Your assignment —
Repeat the listing exactly. Do not carry over any pictures.

Material provided —
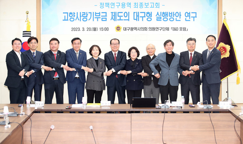 [대구 세계타임즈=한성국 기자] 대구시의회 의원연구단체 「Economy & Development 포럼(이하 E&D 포럼)」(대표 조경구 의원)은 3월 20일(월) 오후 3시 3층 회의실에서 소속단체 의원(대표 조경구, 간사 정일균, 이성오, 임인환, 김태우, 윤권근, 윤영애, 김지만, 이재화, 김원규, 이동욱, 전경원, 육정미)이 참석한 가운데 ‘고향사랑기부제의 대구형 실행방안 연구’용역 최종보고회를 개최했다.
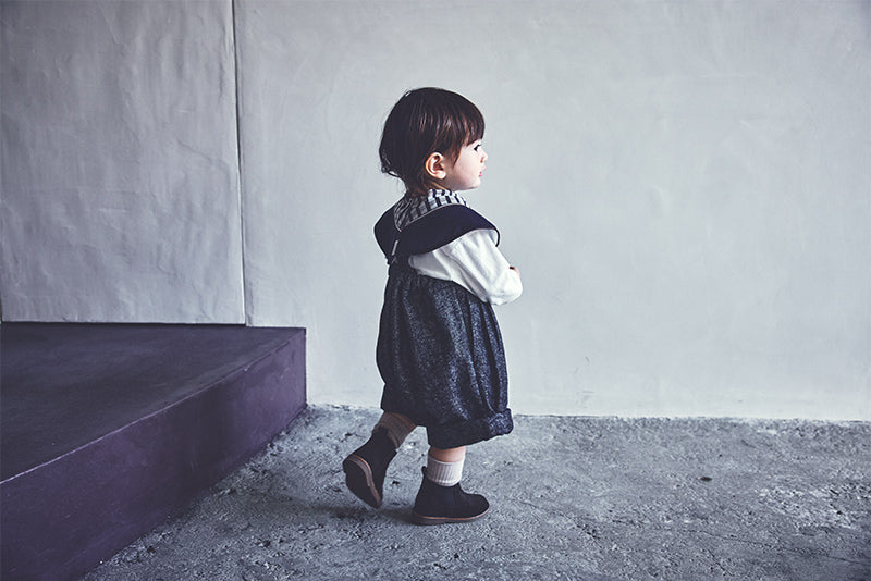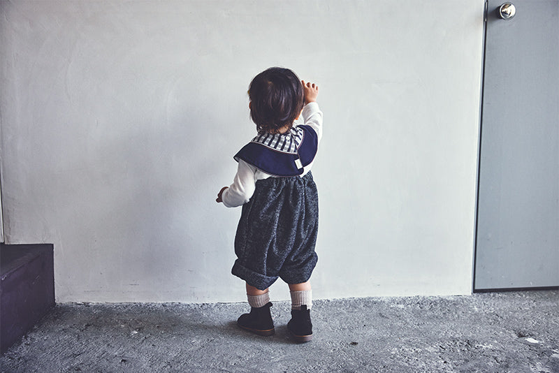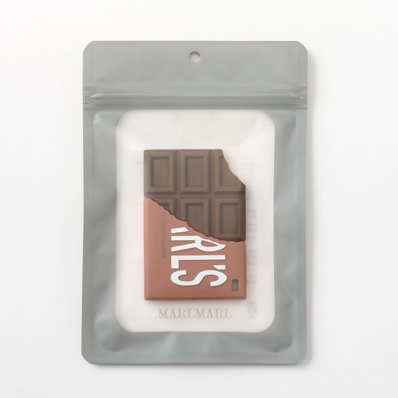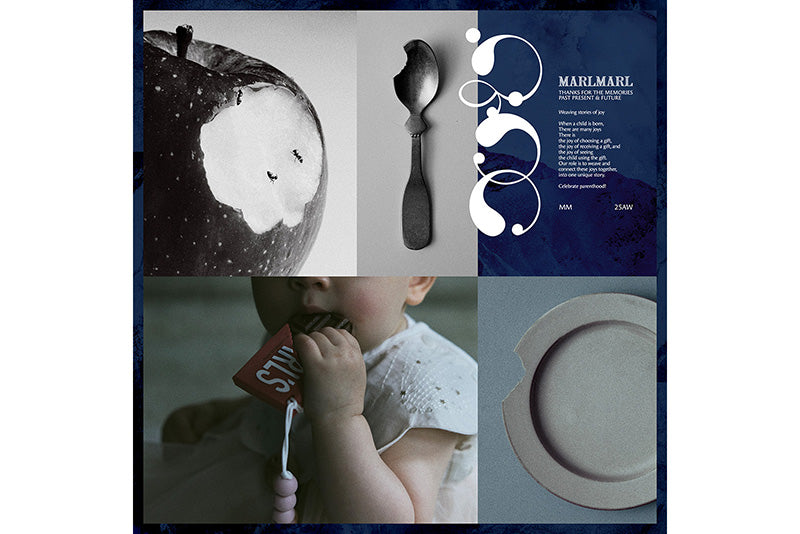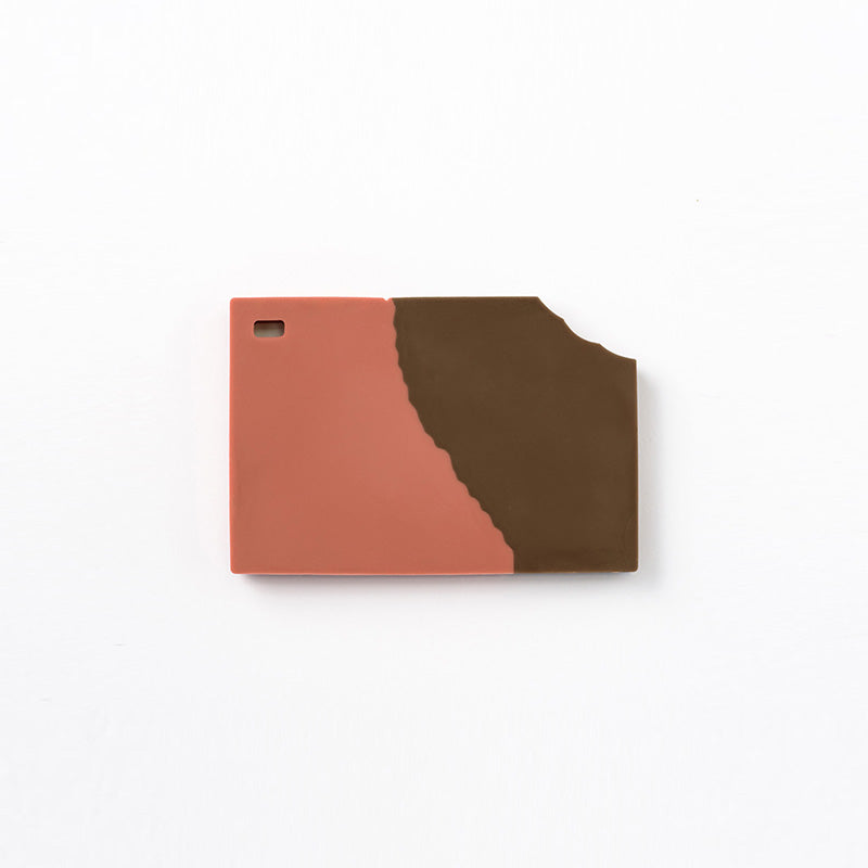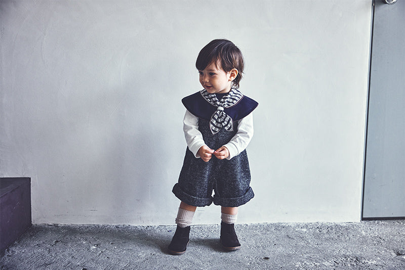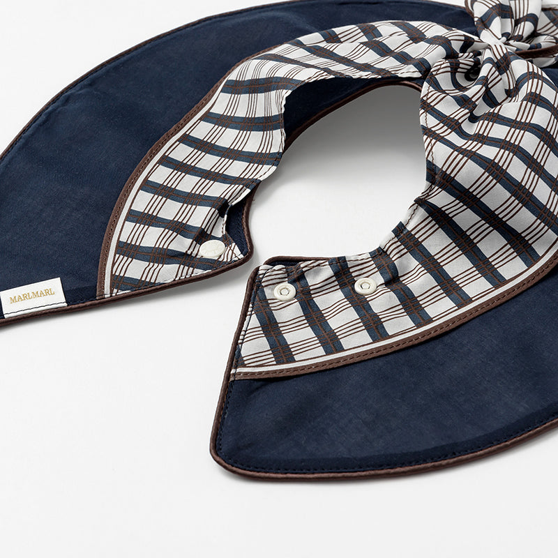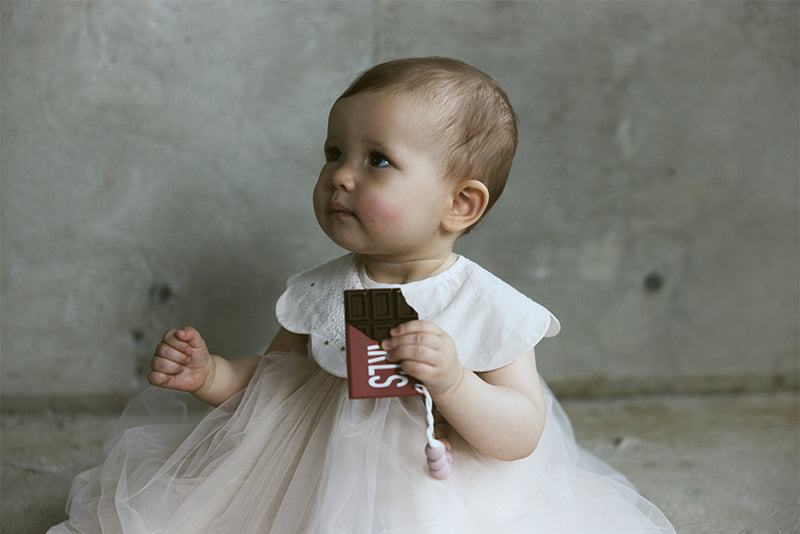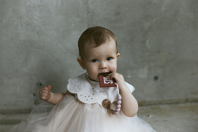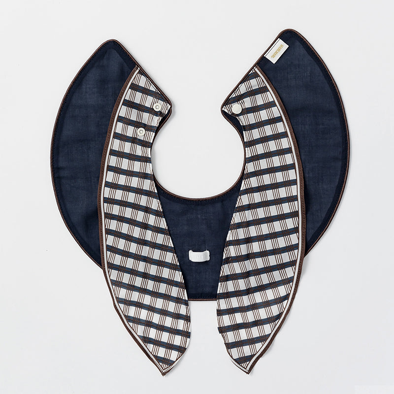 The bib is designed like a little scarf, featuring a navy and burgundy geometric pattern for a chic look. It can also be worn as a detachable collar. The teether, shaped like a piece of chocolate, comes in a deep red package for an elegant finish—playful yet polished.
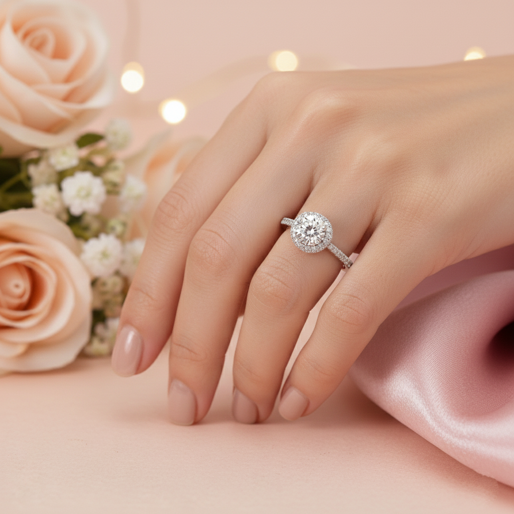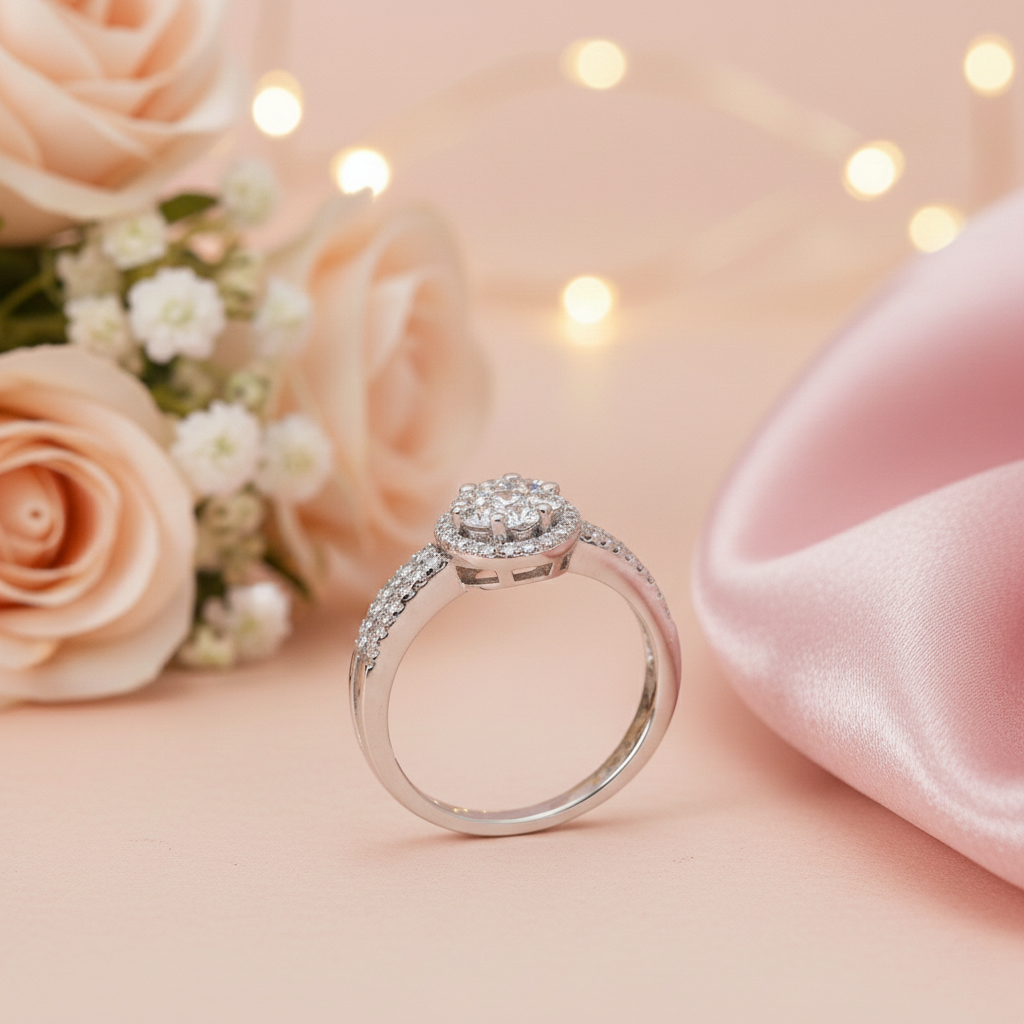 Clusters of brilliant stones form a sparkling oval halo around the central diamond, blending fire and balance. Pavé shoulders add fluidity and sparkle to the composition. This ring evokes togetherness — a harmony of individuality and unity, perfect for a love that celebrates both.
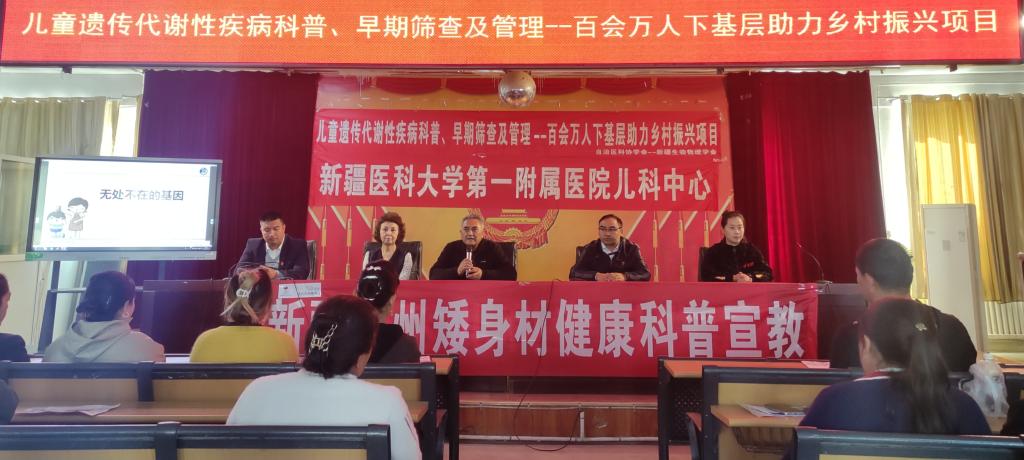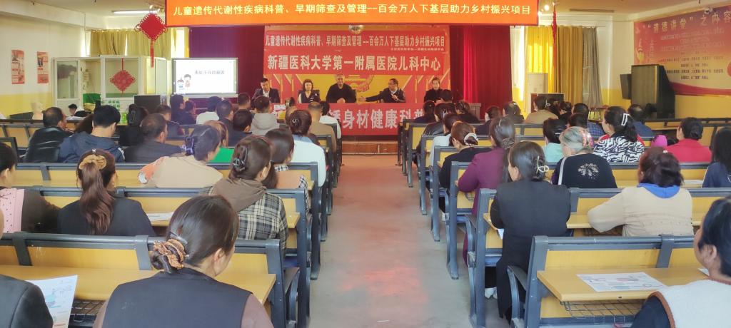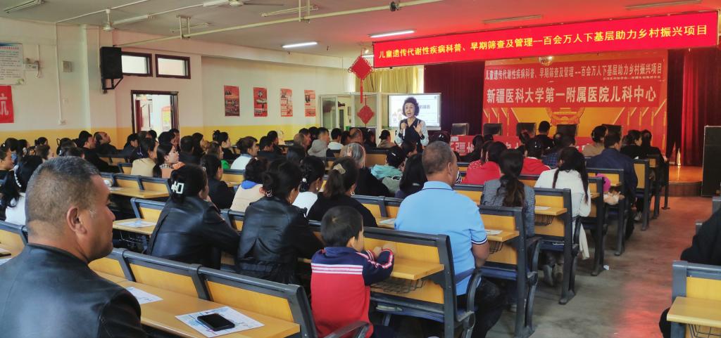 為響應國務院頒布的《健康中國2030》號召,更好地服務南疆地區遺傳代謝病患兒,近日,在兒童遺傳代謝性疾病科普、早期篩查及管理——百會萬人下基本助力鄉村振興項目的支持下,新疆醫科大學第一附屬醫院米熱古麗?買買提教授作為該項目主持人及其團隊成員與該項目負責人阿拉吾丁·阿不都熱依木等組成的自治區科協義診團隊共赴和田地區布亞鄉中心小學和阿亞格蘇勒瓦村開展義診活動。

Solution for this exercise —
 [대구 세계타임즈=한성국 기자] 대구시의회 의원연구단체 「Economy & Development 포럼(이하 E&D 포럼)」(대표 조경구 의원)은 3월 20일(월) 오후 3시 3층 회의실에서 소속단체 의원(대표 조경구, 간사 정일균, 이성오, 임인환, 김태우, 윤권근, 윤영애, 김지만, 이재화, 김원규, 이동욱, 전경원, 육정미)이 참석한 가운데 ‘고향사랑기부제의 대구형 실행방안 연구’용역 최종보고회를 개최했다.
 The bib is designed like a little scarf, featuring a navy and burgundy geometric pattern for a chic look. It can also be worn as a detachable collar. The teether, shaped like a piece of chocolate, comes in a deep red package for an elegant finish—playful yet polished.
 Clusters of brilliant stones form a sparkling oval halo around the central diamond, blending fire and balance. Pavé shoulders add fluidity and sparkle to the composition. This ring evokes togetherness — a harmony of individuality and unity, perfect for a love that celebrates both.
 為響應國務院頒布的《健康中國2030》號召,更好地服務南疆地區遺傳代謝病患兒,近日,在兒童遺傳代謝性疾病科普、早期篩查及管理——百會萬人下基本助力鄉村振興項目的支持下,新疆醫科大學第一附屬醫院米熱古麗?買買提教授作為該項目主持人及其團隊成員與該項目負責人阿拉吾丁·阿不都熱依木等組成的自治區科協義診團隊共赴和田地區布亞鄉中心小學和阿亞格蘇勒瓦村開展義診活動。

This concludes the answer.